Disaster Discovery

My heart goes out to those affected by superstorm Sandy. I cannot imagine how devastating it
must be to see the destruction.

When something like this happens, my MVS Systems Programmer thoughts later turn to
disaster recovery, and I wonder, how did the affected companies weather the...weather. We've
all done the twice a year DR tests, with varying degrees of success, and certainly we've
come a long way from the days of full volume backups to 3480. Whereas once it was
unthinkable, replication is now common, and with it we have made astonishing strides in our
ability to recover.  Don’t you ever wonder if you really could though? I worry that I may have MVS up, but the network isn’t working, or working enough to get users to my systems.
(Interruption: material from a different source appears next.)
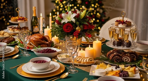 christmas dinner, champaign, candlelight, christmas tree, celebration, gourmet food, fine dining, winter holiday, special occasion, dining room, table setting, appetiser, dessert, cheeseboard, wine glass, tradition, new year's eve, party food, upscale, home decor, food photography, still life, abundance, generosity, richness, entertainment

The ramifications of I/T outages on businesses is breathtaking, from financial to brand
decline to legal liabilities. We learned from Katrina that when disasters occur, people really don’t care about work. They are going to take care of their families first. So things need to be more and more automated, vigorously tested and documented.

What am I getting at here? MVS Program Manager Ed Jaffe stated at the height of the storm,
"these events remind us that our society takes mainframe resiliency for granted". He makes
an important point. We need to continually extol the virtues of our platform; namely, RAS.
Reliability, Availability, Serviceability. Sometimes we ourselves even take it for granted. Can you even imagine building a system, putting it in production, and not having a complete backup scenario?

Have you ever heard a recording say 'IPL your mainframe before calling the help desk'? Not
likely. But you hear it frequently on the Windows platform.

RAS is one of the basic tenets of our platform, and IBM has been firmly behind the concept since the beginning.
SHARE has also been leading the way in I/T since the beginning, and this topic is no different. 
At SHARE 78 held in Anaheim, California in 1992, session M028, the Automated Remote Site
Recovery Task Force presented seven tiers of recoverability, which were ranked based on the
recovery method and recovery time. (Footnote: This info derived from http://www.redbooks.ibm.com/abstracts/tips0057.html?Open)

Those tiers became the basis for an entire industry, and are still in use today. Beware though, they came from a (gasp) Mainframe!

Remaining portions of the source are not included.